Food for thought

 A holistic approach to skills shortages

Right now, the job market in North America is a bit of a double-edged sword for businesses. While the low unemployment rate is a positive sign that the economy is growing, it presents its own set of challenges for manufacturers. In the US, there are 0.7 people available per job opening. In Canada, the picture is only slightly different, with 1.3 people available for every job opening.

This situation makes it difficult for manufacturers to fill positions on production lines. When a manufacturer expands capacity on an existing line, or adds a new line, staffing issues become very real. Add to this that the average worker in North America stays with their employer for only 5.2 years, you can start to see why businesses don’t see the same positive economic picture that their respective governments do. Staffing can be a determining factor in an organization’s decision to expand or add new lines.

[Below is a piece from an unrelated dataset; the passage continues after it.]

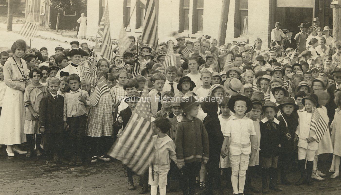 "Ready to Escort the boys to the Depot" This postcard shows the communities procession taking men to the Depot and then off to WWI. Dated Sept. 18, 1917.Acquisition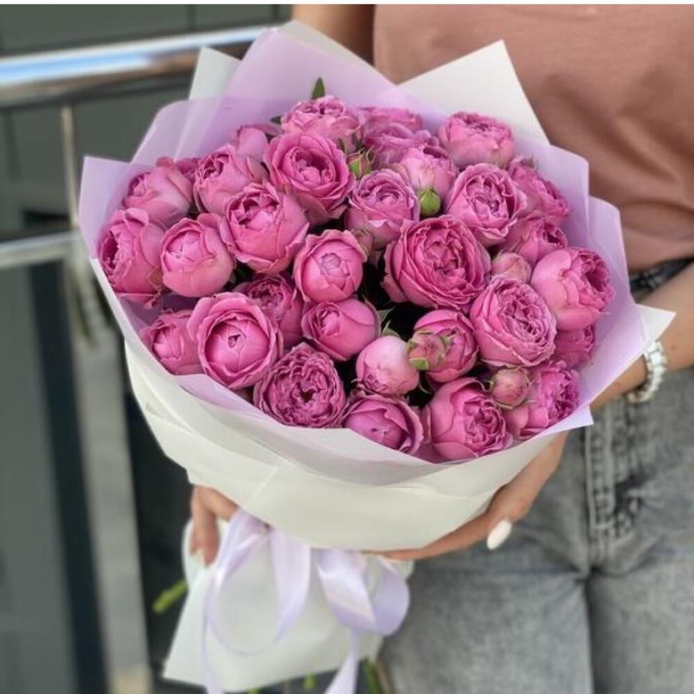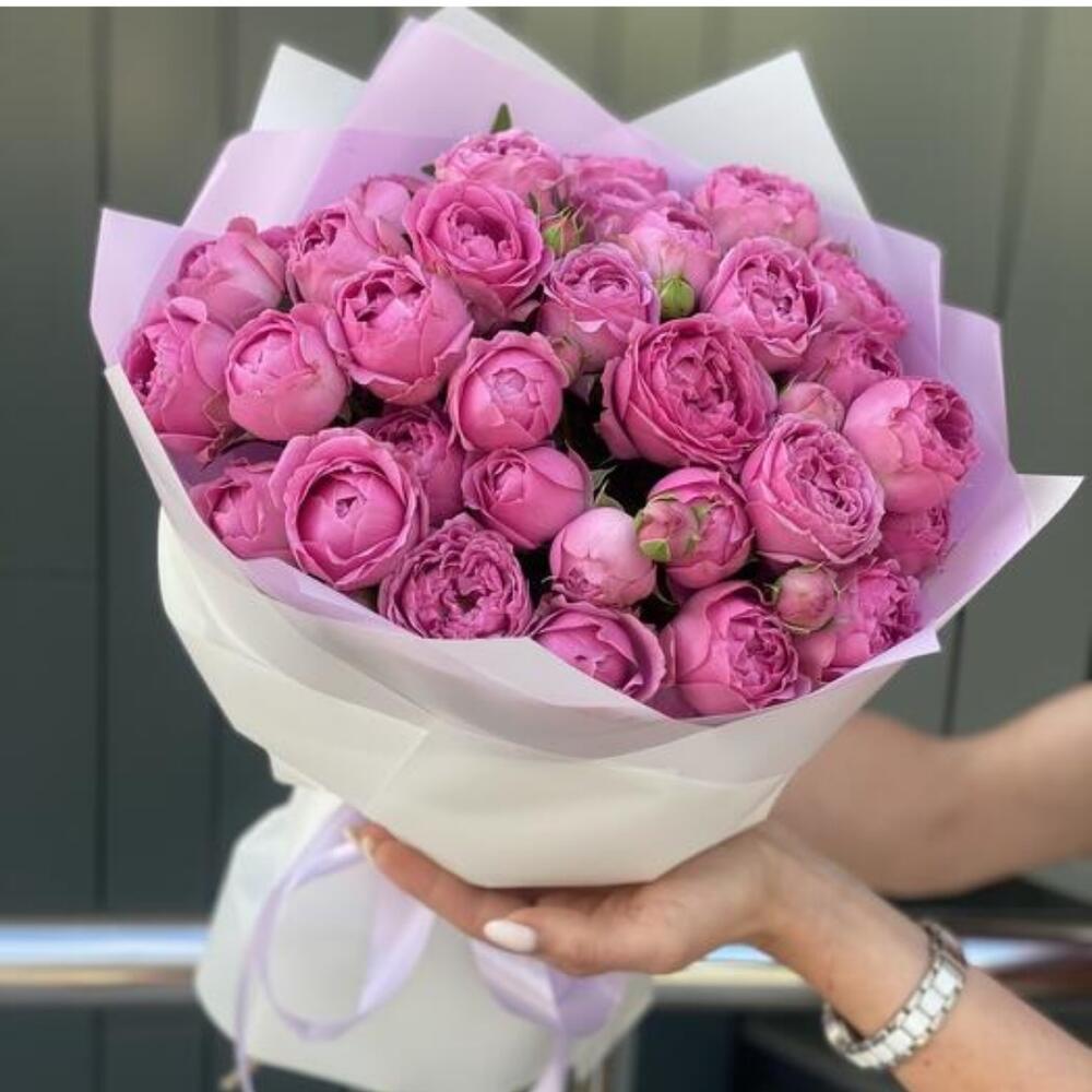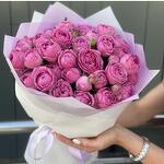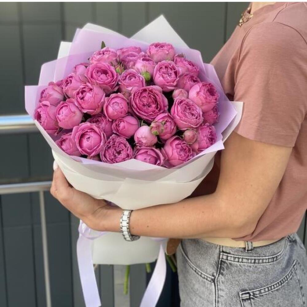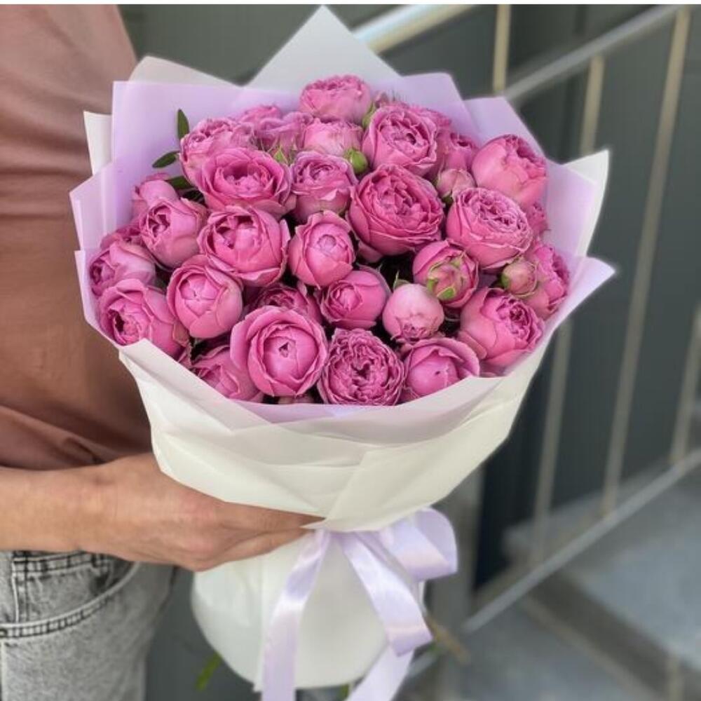 Подарите своим близким нежность и красоту с этим изысканным букетом из розовых пионовидных роз. Великолепные, пышные цветы создают ощущение радости и праздника. Букет завернут в стильную белую бумагу и перевязан атласной лентой, что придаёт ему особый шарм. Идеальный выбор для особых случаев, будь то день рождения, юбилей или просто знак внимания. Позвольте этому букету выразить ваши самые тёплые чувства!

Adding yet another wrinkle to this is the skills gap in this region. Particularly in production positions, this gap in experience and knowledge between older workers eyeing retirement, and incoming untrained workers – or lack of them – results in a looming labor shortage. Canada is looking to address this shortage in part by planning to accept nearly 1.5 million immigrants by 2025. Meanwhile, in the US, immigration policy remains stalled, exacerbating the situation. Additionally, North American manufacturing companies have been slow to implement European-style apprenticeships, keeping the number of well-trained entry-level workers very low. This is changing to a degree, but not at a pace fast enough to have any real effect on the current staffing situation.

The pressure this employment landscape puts on manufacturers is not insurmountable, though. There are several ways North American processors are addressing these challenges while improving operations, making the most of their installed base, cutting operational costs, and perhaps even making progress in corporate sustainability goals.

Automation plays a key role in improving operations where staffing is an issue and can take an organization a long way towards highly efficient production, even with a reduced workforce. In the milling industry, for example, automation has reached a level that allows “lights out” operation – meaning that the mill can run entirely on its own with a crew of only one or two people to oversee and address any issues. While not every industry can take advantage of such a level of automation, many solutions are available that can drastically improve production efficiency and reduce energy consumption.

Today, automation solutions are incredibly diverse and feature software and hardware components that can be easily integrated into new and existing lines. They can be end-to-end solutions or can focus on a particular operation. Digital products can also have a significant impact here, leveraging data collected from smart and connected devices to improve efficiency. Using algorithms based on years of process expertise, real-time analytics of this data can find areas for improvements and then, using automation tools, adjust the process to optimize towards those improvement targets. This can be done with little to no human intervention and at a far superior speed. Even small improvements from digital tools can deliver significant positive impacts to the bottom line. Bühler has developed a sizeable portfolio of services to help processors grow their operation even in this climate.

An expanding economy and insufficient human resources are conflicting forces. Taking a holistic approach to supporting challenged production operations with considered equipment and services designed to address this dichotomy can help to meet these challenges in a way that benefits all involved.